В соседнем кабинете мне скоренько сделали снимок. Повертев черно-белое изображение злосчастной грудной клетки над кургузой настольной лампой, доктор зацокал снова, на сей раз в иной тональности. У него это здорово получалось — цокать языком, выражая различные оттенки чувств. Во всяком случае, я понял: ничего серьезного не выявилось. И он тотчас же подтвердил это на словах:

— Жить будете, молодой человек. Некоторое время поболит, конечно, но все образуется. — Потом, когда я, кряхтя, натягивал куртку, он поглядел на мою перекошенную физиономию и спросил: — Новокаин переносите? Тогда я вам выпишу снадобье. Будете мазать дважды в день. Кажется, наш аптечный киоск сейчас функционирует.

В конце концов я все же добрался домой. Было такое ощущение, будто проделал путь длиною по крайней мере в тысячу парсеков. Кряхтя и корчась, я целую вечность раздевался, готовил ванну и столько же времени отмокал в благоуханной пене. Потом, обработав ребра бальзамом цокающего доктора, что-то поел на кухне, проглотил таблетку нембутала и побрел в комнату. Поместил телефон в кресле у изголовья, сторожко уложил себя на софу и включил телевизор. Медленно, по кусочкам, душа возвращалась в тело.

Заверещало, когда я пребывал в полудреме и подумывал уже перебраться в постель. Звонила Наталья. Я не поверил, переспросил. Она подтвердила. Чуть не выронив трубку, я дернулся и сморщился от боли в боку. Она за что-то извинялась.

— Кажется, — выдавила Наталья, — я вчера разговаривала с вами не очень… — Она запнулась. — Не очень… хорошо, что ли.

— Будет вам, — вяло возразил я, тщетно стараясь стряхнуть дурнотное оцепенение и изречь что-то путное.

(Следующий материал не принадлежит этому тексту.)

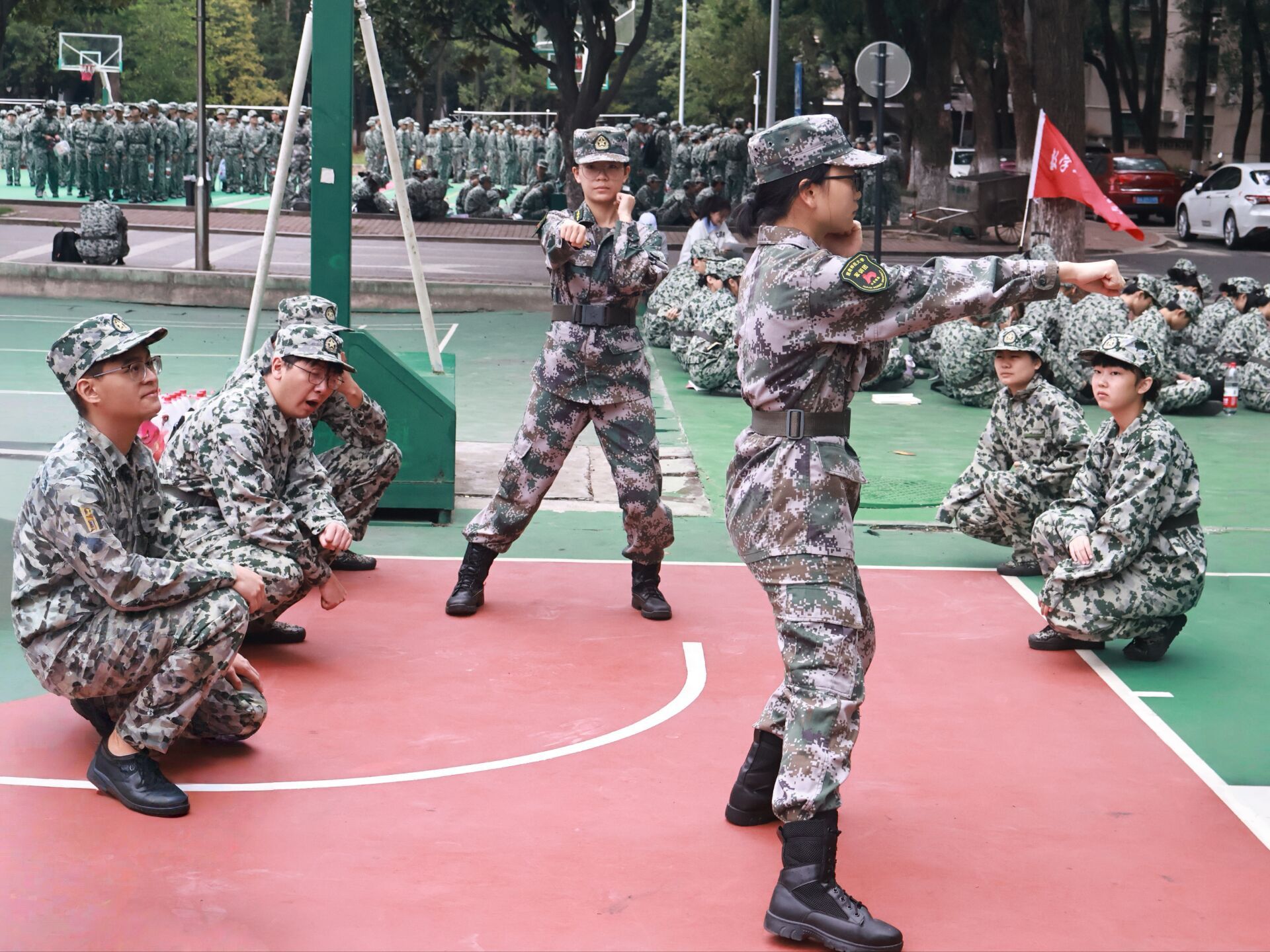 一排教官杨瑞阳为新生示范了格斗术第一套动作的要点,并提示新生可跟随练习。她表示,新生要掌握格斗术,必须从第一套动作开始重视基础,不能只追求力量和速度,而是形成正确的动作模式和身体记忆。格斗术第一套动作分为拔挡冲拳、擒臂上勾、顶肘撞膝、击胸砍脖四部分,新生依次练习,并反复演练各动作。训练过程中,杨瑞阳对新生动作逐一进行了纠正。在教官的指导下,数统院一排新生的整体动作水平得到了提升,杨瑞阳对一排新生的表现给予了表扬。

— Это вы мне в отместку, да? — спросила она. — Или ничего уже не хотите сказать?

— В отместку?

— Ну за вчерашнее.

— О господи, нет! — просипел я. — Я безумно рад, что вы позвонили. Просто я весь в разобранном состоянии. — Поколебался немного и объяснил: — Попал сегодня в аварию.

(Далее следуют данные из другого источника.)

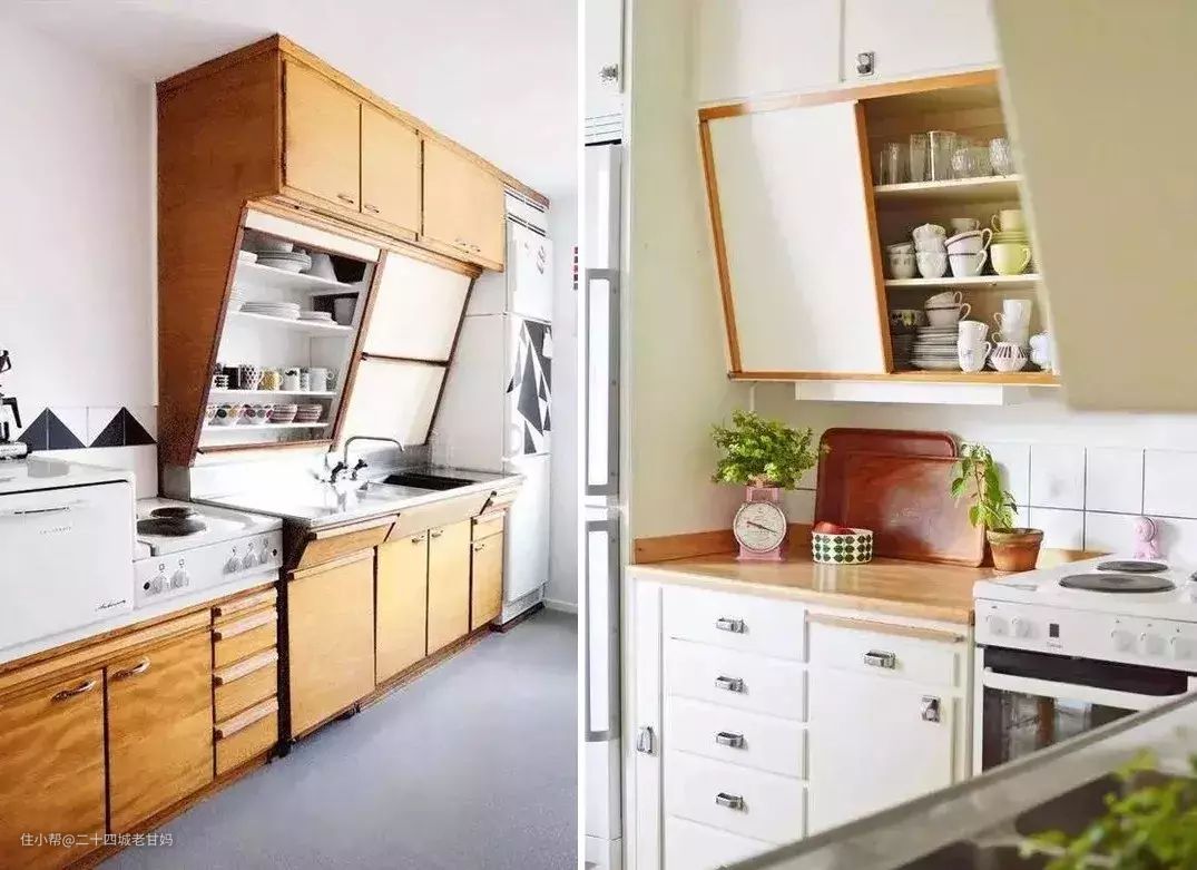 吊柜的不方便之处在于太高,拿取不方便,可以分层设计,上下两层柜门,或是开放式隔板+吊柜组合。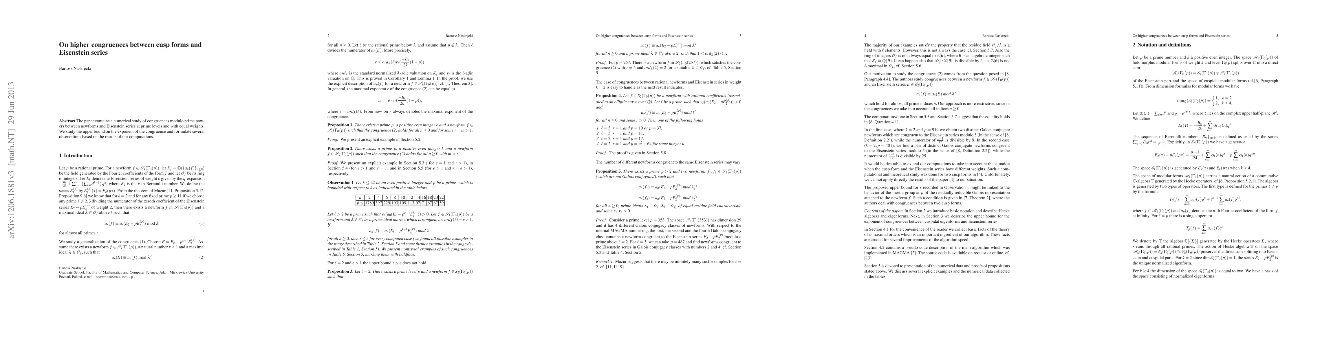 This paper explores congruences between cusp forms and Eisenstein series at prime powers, proposing a conjecture about the properties of these primes and their weights, and verifying the conjecture through numerical examples.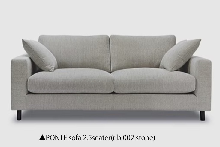 スタンダードでありながらモダンなデザインのPONTEソファ。日本人の好みに合うシートの硬さバランスを吟味、日本の住環境に合いやすいサイズバリエーションを用意しました。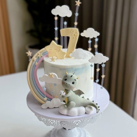 Bánh kem Fondant tạo hình chú khủng long trang trí siêu đáng yêu

— Ой! — вырвалось у нее. — Что-нибудь серьезное?

— Пустяки. Как сказал доктор, — жить буду. Слегка поотбивал себе ребра. Лечусь вот.

Она помолчала. И вдруг ошарашила меня предложением:

— Хотите, я сейчас приеду? Может, вам нужна помощь?

У меня дух перехватило. Я хотел. Я очень хотел. Но, чертыхаясь, мысленно проклиная все и вся, с каким-то сверхъестественным насилием над собой пробормотал совсем не то, что очень и очень хотелось сказать:

— Спасибо. Но я сейчас в таком расхристанном виде. И немножко пьян от снотворного. Почти что сплю, понимаете?

— Понимаю, — сказала она. — Тогда до завтра. Позвоните мне.